The threat actors behind RedTail are likely operating their own mining pools or pool proxies instead of using public ones, aiming for greater control over mining outcomes despite the increased operational and financial costs of maintaining a private server. Akamai researchers noted that the hackers are using the newer RandomX algorithm for better efficiency and modifying the operating system configuration to use larger memory blocks, known as hugepages, to boost performance.

The use of private mining pools is a tactic reminiscent of North Korea's Lazarus Group, although Akamai has not directly attributed RedTail to any specific group. North Korea is known for its for-profit hacking operations, which include extensive cryptocurrency theft and other methods to evade sanctions (see: US FBI Busts North Korean IT Worker Employment Scams).

Initially spotted earlier this year, the RedTail malware has evolved to incorporate anti-research techniques, making it more difficult for security researchers to analyze and mitigate the threat.
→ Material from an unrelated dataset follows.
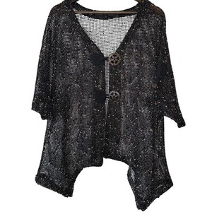 Vintage Spiegelbild schwarz Netz Netz Boho Knöpfe Festival Rave Cardigan Gr. 1X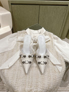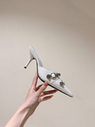 CAGOLE POINTED HIGH MULES IN WHITE SHINY CALFSKIN

Akamai reports that the malware's operators quickly exploited the PAN-OS vulnerability, tracked as CVE-2024-3400, which allows attackers to create an arbitrary file enabling command execution with root user privileges (see: Likely State Hackers Exploiting Palo Alto Firewall Zero-Day).

Other notable targets include TP-Link routers, the China-origin content management system ThinkPHP, and Ivanti Connect Secure. Security researchers warn that advanced hackers, including state-sponsored threat actors, are increasingly focusing on edge devices due to their inconsistent endpoint detection and the proprietary software that complicates forensic analysis.